[Collected data entries]

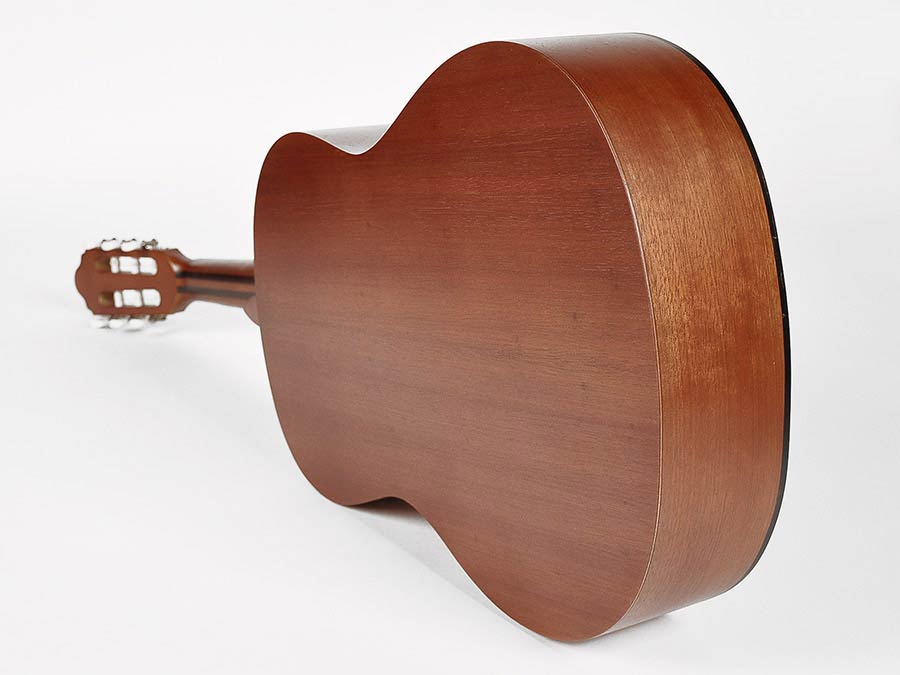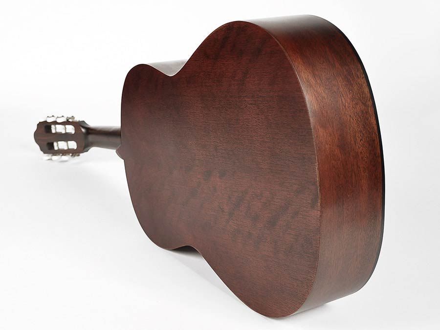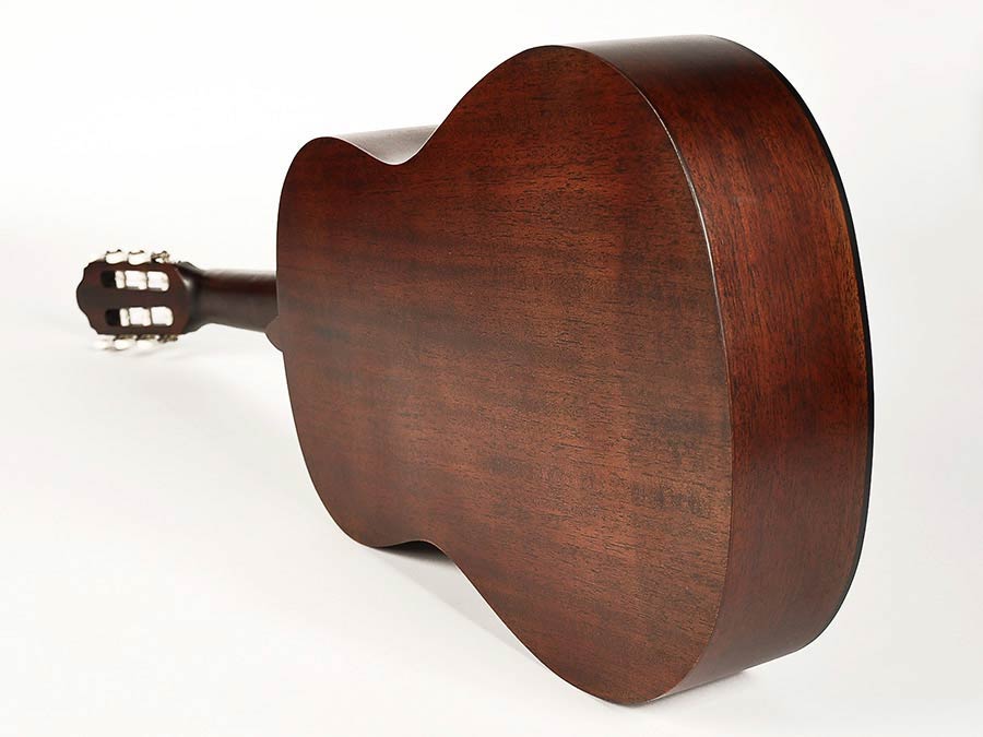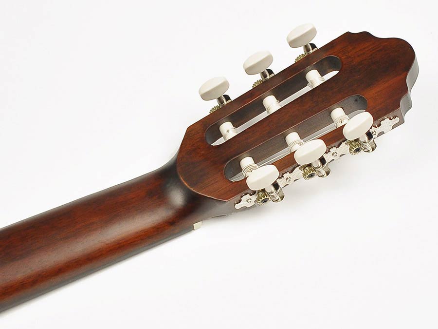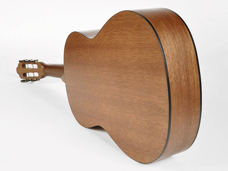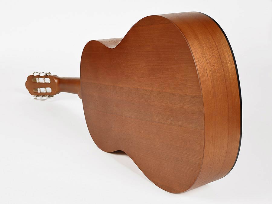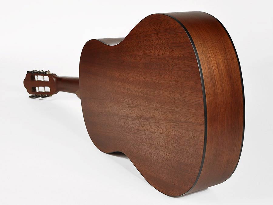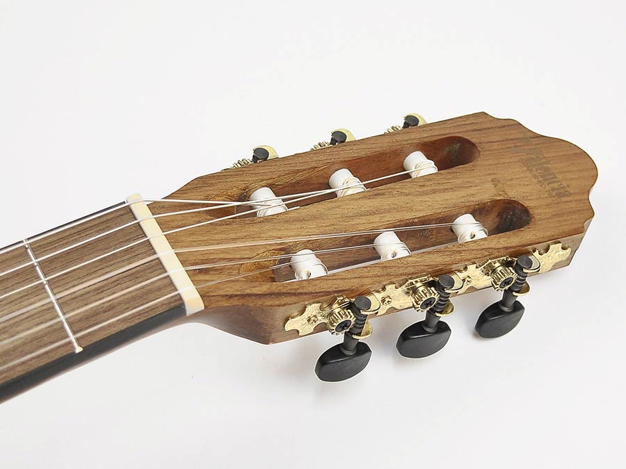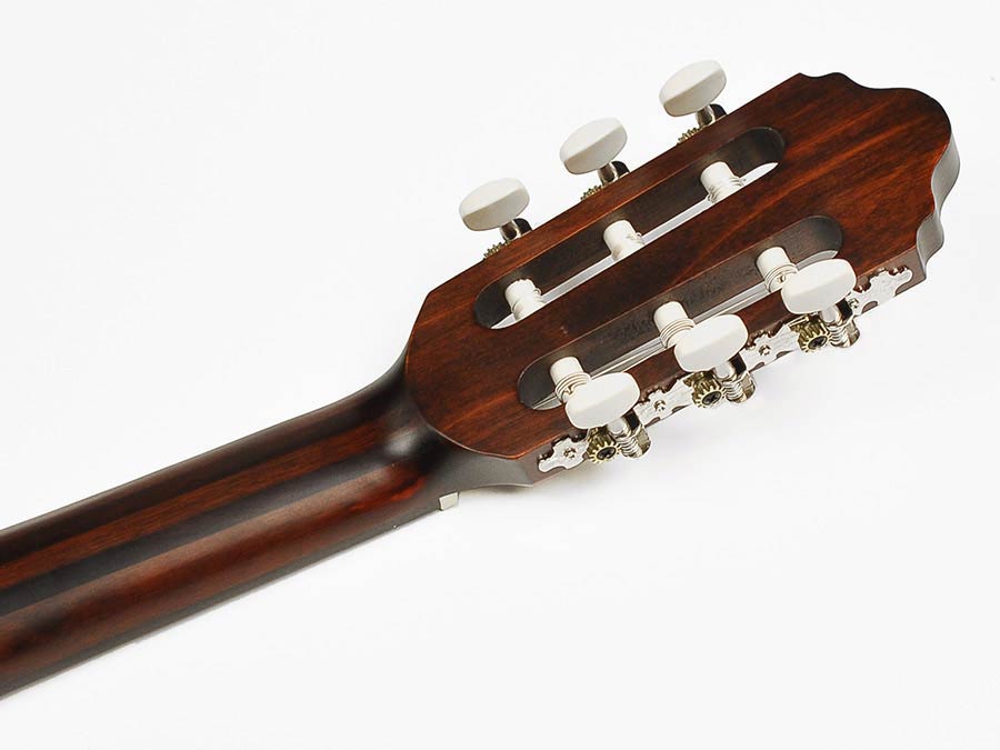 Top binding : ABS, 5 ply black/white Side binding : ABS, black Headstock veneer : teak Neck : mahogany Fingerboard : teak Neck binding : ABS, black Neck side dots : yes Neck shape : classical Neck heel : teak heel end Frets : 19 frets, nickel Bridge : teak Bridge saddle : Nubone XB, Canada Rosette decoration : “L’Hemisferic”, Valencia Machine heads : traditional, gold plated with black buttons Strings : made in USA Scale : 650mm Nut width : 52mm Finish : satin finish
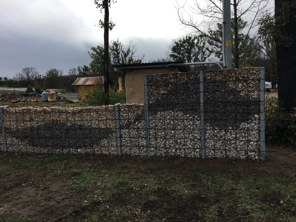 Lastly, we finally finished the north end of the new gabion stone filled wall. I needed to increase the height of the wall where it terminated at the battery shed and the power pole where the Tesla ‘gateway’ and the electrical meter box are located. The gateway and meter box were destroyed in the recent fire, with all the plastic components melted and electronics ‘cooked’.
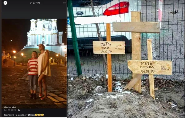 Photo 2: Their graves in Irpin, where they lived and were killed on March 5, according to the date on the makeshift crosses.
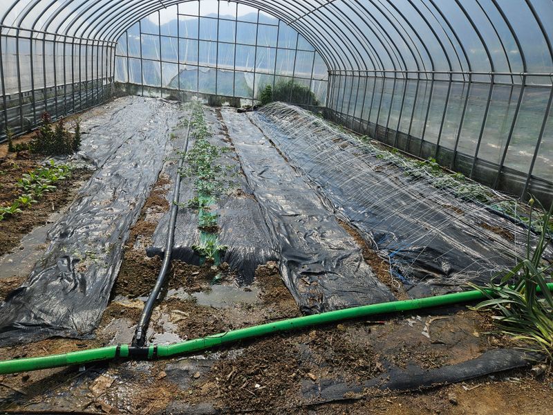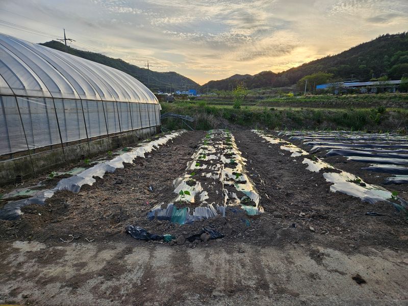 고추밭 두럭비닐 시움 토요일에 시움 집안텃밭에도 비닐시움 하우스 속도 정리해줌 하우스속에는 오이,참외,수박등등,,,
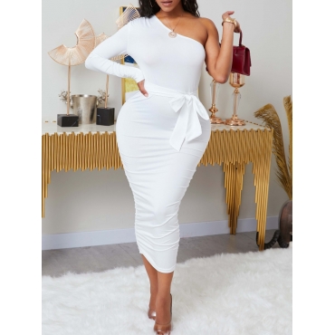 Lovely Casual One Shoulder Lace-up White Mid Calf Dress
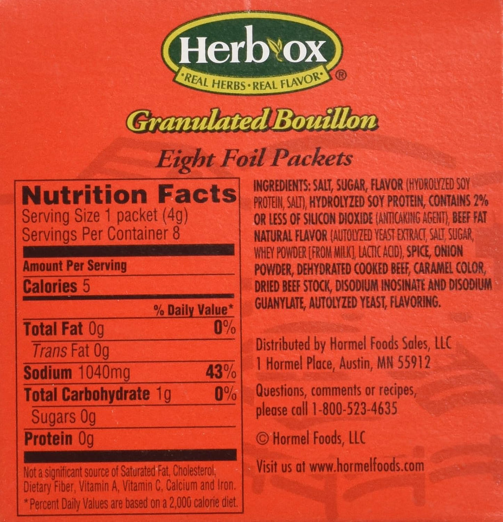 Información sobre la cantidad: CALDO DE CARNE SIN GLUTEN HERBOX (50/CAJA 6CAJAS/CAJA)
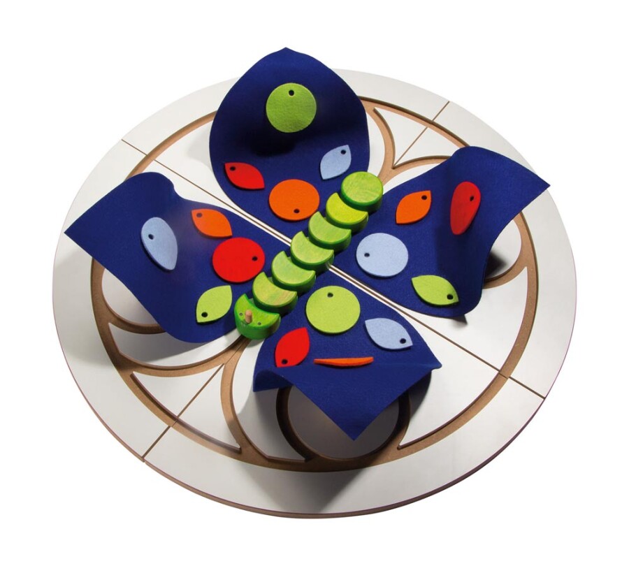 Kinderen helpen samen een rups uitgroeien tot een vlinder en oefenen kleuren, vormen en taal. De opdrachten lopen op in moeilijkheid, zodat ieder op eigen niveau meespeelt. Coöperatief spelen stimuleert overleg, beurtgedrag en woordenschat. Het stevige materiaal nodigt uit tot herhaald spel in klas en thuis.

WHAT THE TASK REQUIRES => Working from the data above, repeat exactly, and only, the lines that begin at the line containing "Photo 2: Their" and stop after the line containing "Información sobre la"; pictures are not copied.

RESULT =>
 Photo 2: Their graves in Irpin, where they lived and were killed on March 5, according to the date on the makeshift crosses.
 고추밭 두럭비닐 시움 토요일에 시움 집안텃밭에도 비닐시움 하우스 속도 정리해줌 하우스속에는 오이,참외,수박등등,,,
 Lovely Casual One Shoulder Lace-up White Mid Calf Dress
 Información sobre la cantidad: CALDO DE CARNE SIN GLUTEN HERBOX (50/CAJA 6CAJAS/CAJA)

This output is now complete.